Dies ist die Grundlage von Wilhelm Reichs Buch „Der Einbruch der Sexualmoral“, das 1932 erstmals publiziert wurde und 1935, erweitert um eine fulminante Polemik gegen Geza Roheim, in zweiter Auflage erschien. An Malinowskis Material ließ sich die These verifizieren, daß sexualverneinende Moral das Instrument patriarchalischer Herrschaft und mit dem Privateigentum eng verknüpft ist: Die Unterdrückung der kindlichen und jugendlichen Sexualität steht im Dienste der Eheorganisation, und diese wiederum ist nicht zu verstehen ohne die mit ihr verflochtenen wirtschaftlichen Interessen. Angelpunkt einer ungemein scharfsinnigen Analyse ist dabei das Heiratsgut als eine Vorform der Warenwirtschaft, das bei dem ausgeklügelten System der „Kreuz-Vetter-Basen-Heirat“ an den Häuptlingsclan zurückfließt und so zur Basis einseitiger Konzentration von Besitz und Macht wird. Nicht Kulturnotwendigkeiten diktierten also den Übergang von einem postulierten Urzustand sexualökonomischer Selbstregulierung zur Zwangsordnung einer triebfeindlichen Moral, sondern sozioökonomische Herrschaftsinteressen. Der Rückschluß auf die herrschaftsstabilisierende Funktion der Sexualmoral in der kapitalistischen Gesellschaft fiel dem (damaligen) Marxisten Reich nicht schwer.

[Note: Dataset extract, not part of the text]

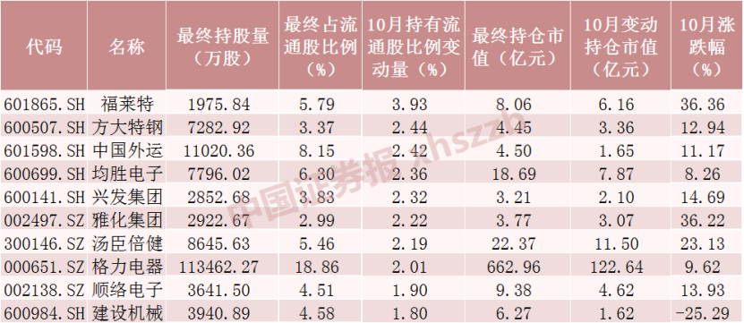 从持有流通股比例情况来看,Choice数据显示,10月北向资金对26只个股的持有流通股比例增加超过1个百分点,其中对福莱特、方大特钢、中国外运持有流通股比例增加居前,分别增加3.93、2.44、2.42个百分点。

Der „Einbruch der Sexualmoral“ ist ein Geniestreich des jungen Reich. Dieses Buch gehört zu den großen klassischen Werken der Anthropologie, so anfechtbar die Ergebnisse im einzelnen bleiben mögen. Als Exkursion eines Psychoanalytikers in die Gefilde der Ethnologie bildet es das Gegenstück zu Freuds „Totem und Tabu“, dessen mythologische Konstruktion vom Urvatermord es mit brillanten Argumenten widerlegt, Während aber „Totem und Tabu“ trotz seines rein spekulativen Charakters und trotz seiner inneren Widersprüche noch immer einen bedeutenden Platz in der psychoanalytischen Theoriediskussion behauptet, blieb Reichs „Einbruch der Sexualmoral“ ein verschollenes Buch, bis die antiautoritäre Studentenbewegung es in ihrer sexualpolitisch orientierten Phase wiederentdeckte und in Raubdrucken verbreitete. Jetzt liegt eine reguläre Neuausgabe vor –

Wilhelm Reich: „Der Einbruch der sexuellen Zwangsmoral“; Verlag Kiepenheuer & Witsch, Köln; 204 Seiten, 16,– DM.